Transcribe, word for word and without additions, each line below from the one containing "шильдиком, 25.5×30×9 см" through the one containing "En la Patagonia", both ends included.

* TASK INPUTS
☆ ☆ ☆
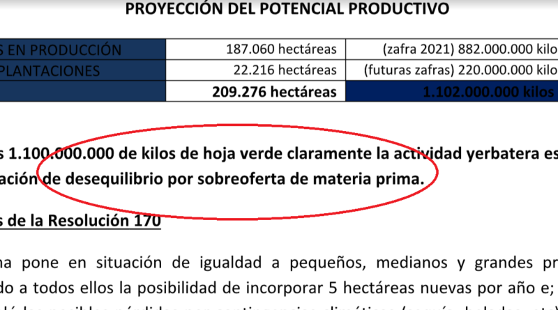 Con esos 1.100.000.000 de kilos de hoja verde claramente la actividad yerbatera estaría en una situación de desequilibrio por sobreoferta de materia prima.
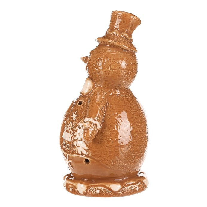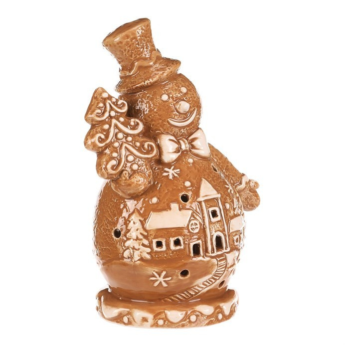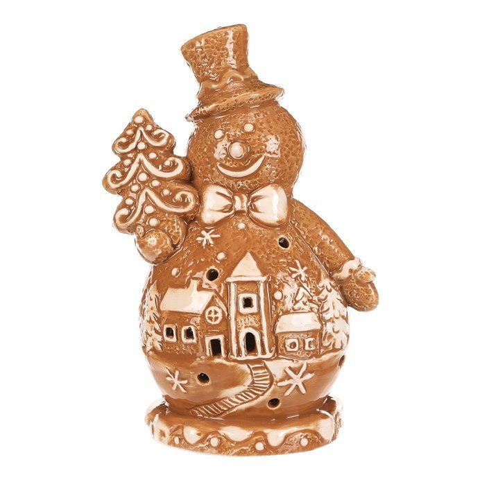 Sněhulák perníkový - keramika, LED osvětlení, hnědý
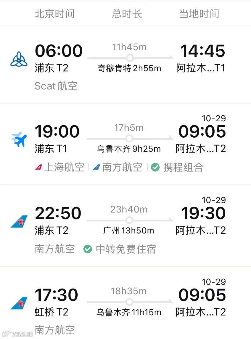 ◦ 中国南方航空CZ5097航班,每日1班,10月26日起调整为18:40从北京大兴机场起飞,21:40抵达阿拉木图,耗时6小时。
☆ ☆ ☆
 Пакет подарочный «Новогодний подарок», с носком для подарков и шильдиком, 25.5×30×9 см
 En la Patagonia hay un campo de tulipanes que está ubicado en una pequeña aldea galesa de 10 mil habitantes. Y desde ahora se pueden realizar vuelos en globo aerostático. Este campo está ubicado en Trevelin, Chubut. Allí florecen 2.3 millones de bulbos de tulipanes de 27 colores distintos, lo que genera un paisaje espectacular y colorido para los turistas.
☆ ☆ ☆
* EXPECTED ANSWER
 Пакет подарочный «Новогодний подарок», с носком для подарков и шильдиком, 25.5×30×9 см
 En la Patagonia hay un campo de tulipanes que está ubicado en una pequeña aldea galesa de 10 mil habitantes. Y desde ahora se pueden realizar vuelos en globo aerostático. Este campo está ubicado en Trevelin, Chubut. Allí florecen 2.3 millones de bulbos de tulipanes de 27 colores distintos, lo que genera un paisaje espectacular y colorido para los turistas.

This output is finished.